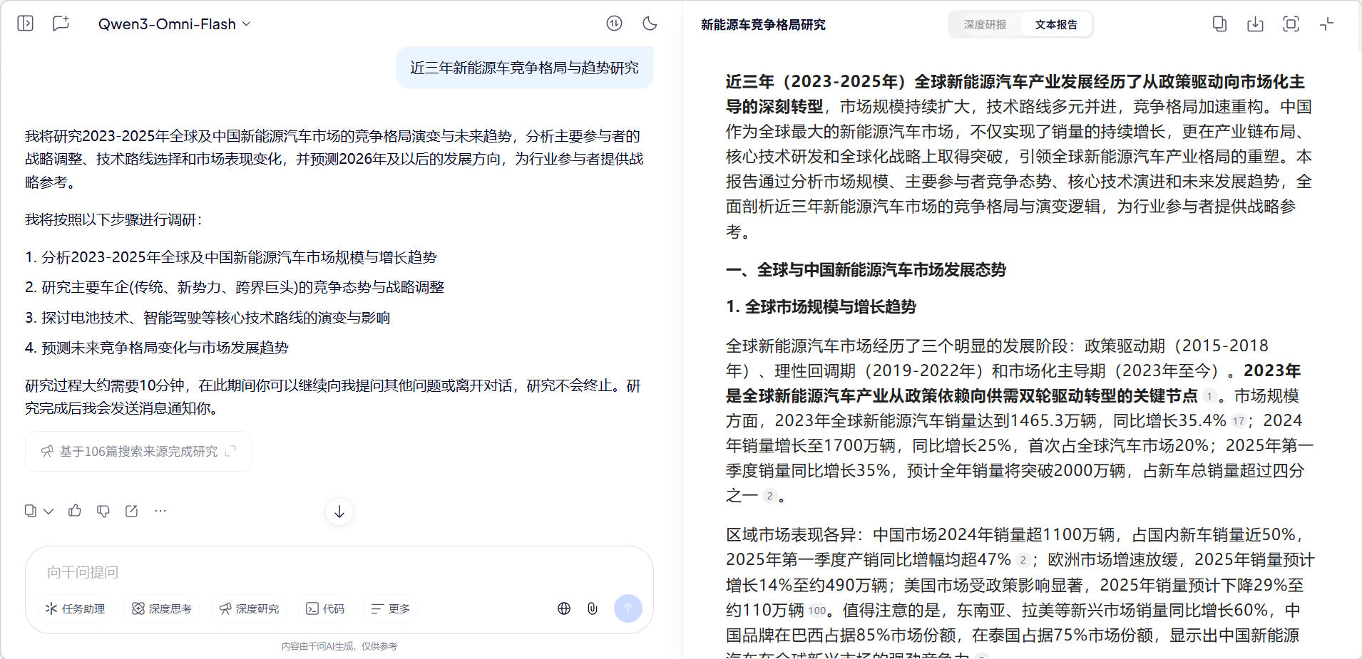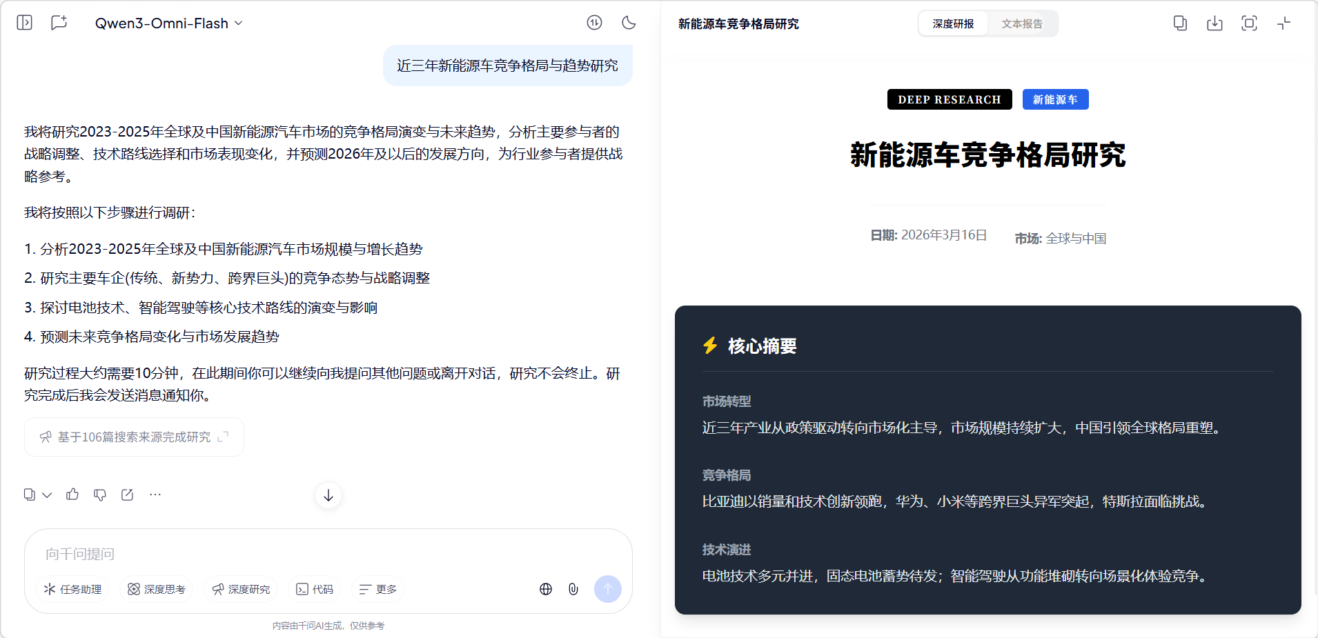 这里让千问研究了近三年的新能源车竞争格局与趋势。由于深度研究的结果更丰富更有深度,所以需要等待一段时间才能出结果。旁边也可以看到千问的研究过程。
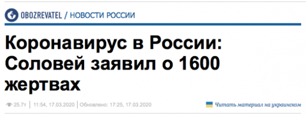 Свои «пять копеек» вставляют и либералы. Так, завсегдатай «Эха Москвы» Валерий Соловей рассказал о «тысячах умерших» от коронавируса в РФ. Примечательно, но фантазию публициста транслируют лишь украинские СМИ. В действительности в РФ зафиксирован единственный летальный исход, в Москве скончалась 79-летняя женщина. Статистику в реальном времени ведет ВОЗ и даже либеральные СМИ вроде «Новой газеты».
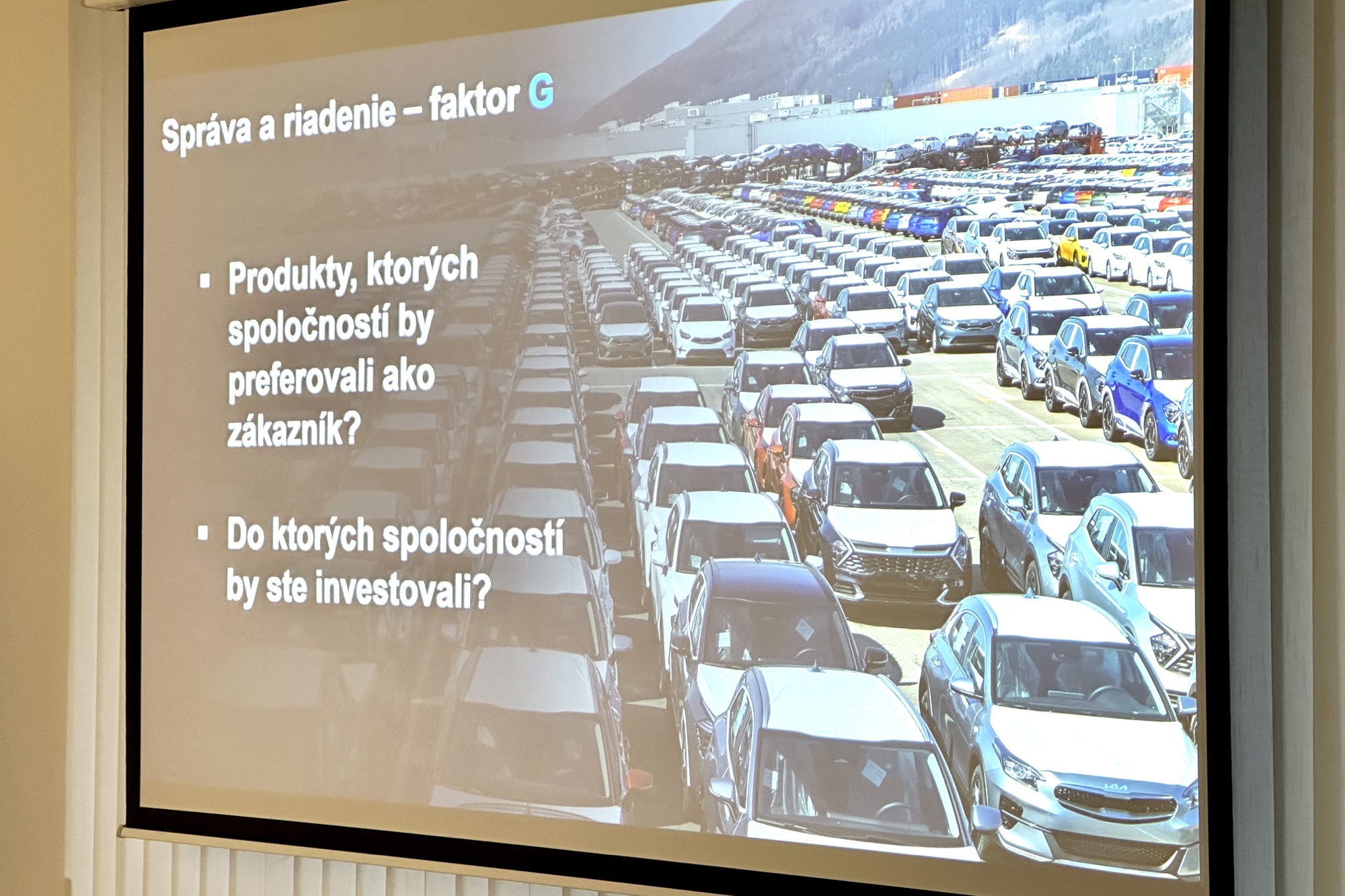 V rámci predmetu etika podnikania sa študenti 5. ročníka inžinierskeho štúdia v študijnom programe ekonomika podniku spolu s pedagógmi doc. Ing. Mgr. Gabrielou Dubcovou, PhD., a Ing. Ľubicou Foltínovou, PhD., z Fakulty podnikového manažmentu EUBA, zúčastnili na ESG tréningu v spoločnosti Kia Slovakia s. r. o. Tento tréning sa uskutočnil 28. a 29. novembra 2024, s obsahom: stáž, exkurzia, diskusné fórum a kolokviálna forma obhajoby záverečnej prípadovej štúdie. Cieľom bolo ukázať študentom praktickú aplikáciu etických princípov a praktického využitia princípov ESG v modernom podnikovom prostredí líderskej multinacionálnej korporácii na európskom kontinente.

* [Task item]: Please output the data above exactly as given, omitting every picture.

* [Solution to this exercise]:
 这里让千问研究了近三年的新能源车竞争格局与趋势。由于深度研究的结果更丰富更有深度,所以需要等待一段时间才能出结果。旁边也可以看到千问的研究过程。
 Свои «пять копеек» вставляют и либералы. Так, завсегдатай «Эха Москвы» Валерий Соловей рассказал о «тысячах умерших» от коронавируса в РФ. Примечательно, но фантазию публициста транслируют лишь украинские СМИ. В действительности в РФ зафиксирован единственный летальный исход, в Москве скончалась 79-летняя женщина. Статистику в реальном времени ведет ВОЗ и даже либеральные СМИ вроде «Новой газеты».
 V rámci predmetu etika podnikania sa študenti 5. ročníka inžinierskeho štúdia v študijnom programe ekonomika podniku spolu s pedagógmi doc. Ing. Mgr. Gabrielou Dubcovou, PhD., a Ing. Ľubicou Foltínovou, PhD., z Fakulty podnikového manažmentu EUBA, zúčastnili na ESG tréningu v spoločnosti Kia Slovakia s. r. o. Tento tréning sa uskutočnil 28. a 29. novembra 2024, s obsahom: stáž, exkurzia, diskusné fórum a kolokviálna forma obhajoby záverečnej prípadovej štúdie. Cieľom bolo ukázať študentom praktickú aplikáciu etických princípov a praktického využitia princípov ESG v modernom podnikovom prostredí líderskej multinacionálnej korporácii na európskom kontinente.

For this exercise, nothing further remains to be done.